Midco
- Formerly: Midcontinent Communications
- Company type: Joint venture
- Industry: Telecommunications
- Founded: 1931; 95 years ago, in Minneapolis, Minnesota
- Headquarters: Sioux Falls, South Dakota
- Area served: Minnesota North Dakota South Dakota Wisconsin Northeast Kansas
- Key people: Pat McAdaragh (CEO)
- Products: Cable television; internet; telephone; fiber-optic;
- Owners: Midcontinent Media (51%); Comcast (49%);
- Website: www.midco.com

= Midco =

American telecommunications company

Midco (known as Midcontinent Communications until 2016) is a regional cable provider, providing a triple play service of cable television, Internet and telephone service for both North Dakota and South Dakota, along with much of Minnesota, and several communities in Kansas and Wisconsin. The company's business-class service also provides direct fiber-optic communications services via leased data circuits for larger companies.

Headquartered in Sioux Falls, South Dakota and operated as a joint venture between Midcontinent Media and Comcast, Midco provides service to 200 communities both urban and rural, serving an area that covers over 1.2 million people.

==History==
Midcontinent Media was founded in Minneapolis, Minnesota in 1931 as the Welworth Theater Company, an operator of movie theaters. The company remained in that business until the 1990s, when it sold its theaters to various chains, including Carmike. In 1952, it bought the Midcontinent Broadcasting Company, owner of KELO-AM-FM in Sioux Falls; the company name changed to Midcontinent Media. The company also bought the construction permit for South Dakota's first television station, KELO-TV, which took to the air in 1953. Midcontinent purchased several other radio and television stations, but began exiting broadcasting in the 1990s (with KELO-TV and its satellites sold off to Young Broadcasting, currently owned by Nexstar), selling off the last of their radio holdings in 2004.

Midco diversified and extended its reach into other areas of the Upper Midwest, providing telephone and cable TV in rural parts of its service area, starting in the 1960s. In 1999, Midcontinent Media and AT&T Broadband (formerly known as TCI) merged their cable operations in the Dakotas, Minnesota and Nebraska into Midcontinent Communications, a joint venture between both companies. The partnership continued after Comcast's purchase of AT&T Broadband.

In the fall of 2008, Charter Communications announced their filing for Chapter 11 bankruptcy protection and the sale of some assets in non-critical areas. On October 14, 2008, an article appeared in the Fairmont, Minnesota Sentinel, reporting that Charter was selling parts of their system to Midcontinent Communications, including its Bemidji and International Falls headends. Starting February 1, 2009 Midcontinent Communications took over some Charter's cable systems in Minnesota including Balaton, Bemidji, Canby, Ely, Fairmont, International Falls, Littlefork, Sherburn, and surrounding communities. Other areas in Minnesota were sold off to Comcast.

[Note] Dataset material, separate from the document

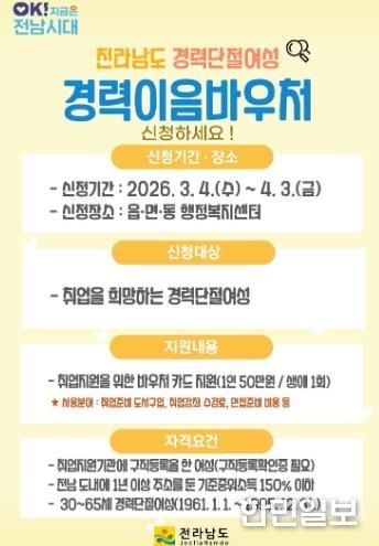 한민일보 서울포커스 박정민 기자 | 전라남도는 출산과 육아 등으로 직장을 그만둔 후 재취업에 어려움을 겪는 경력단절 여성을 대상으로 ‘경력이음바우처’ 이용자를 모집한다고 밝혔다.

In June 2011, Midcontinent Communications acquired 33,000 Minnesota and Wisconsin subscribers from US Cable.

Midco previously provided paging service, starting in 1985, but sold its paging services to another South Dakota company, Vantek Communications, in 2004. The former paging service was renamed Midco Connections.

On January 12, 2016, the company officially adopted the shortened Midco name across all of their operations, rendering it in all-caps as "MIDCO", with the new tagline of "Let's Go".

In October 2016, Midco acquired the assets of the cable system serving Lawrence, Kansas from Wide Open West.

In November 2025, Midco acquired the assets of the cable systems serving east central and northern Minnesota from SCI Broadband(Savage Communications, Inc).

==Midco Sports==
Midco offers a regional sports network called Midco Sports (formerly MC23 and Midco Sports Network (MidcoSN)) which carries coverage of NCAA Division I athletics in the Summit League, Missouri Valley Football Conference, and Central Collegiate Hockey Association with a specific focus on member schools South Dakota, South Dakota State University, North Dakota, and Augustana University. Additionally, Midco Sports is the primary broadcast partner for the NCAA Division II Northern Sun Intercollegiate Conference providing coverage of conference tournament basketball events.

Midco Sports's signature coverage comes each February and March with full coverage of the NSIC Men's and Women's Basketball Tournaments from the Sanford Pentagon in Sioux Falls. The network broadcasts each game from the quarterfinals on to the championships in its entirety. In addition, Midco televises the Summit League Men's and Women's tournament quarterfinals and semifinals from the Denny Sanford Premier Center. The network does not carry the championship games for those tournaments, as those rights are held by CBS Sports.

Midco Sports and its overflow channel, Midco Sports 2, are available on to all MIDCO cable customers along with other cable systems in the region through distribution deals.

Midco Sports employs over 30 full-time on-air talent and behind-the-scenes staffers.

On Friday, April 21, 2023, a Minnesota Twins game aired on the network due to a conflict on Bally Sports North.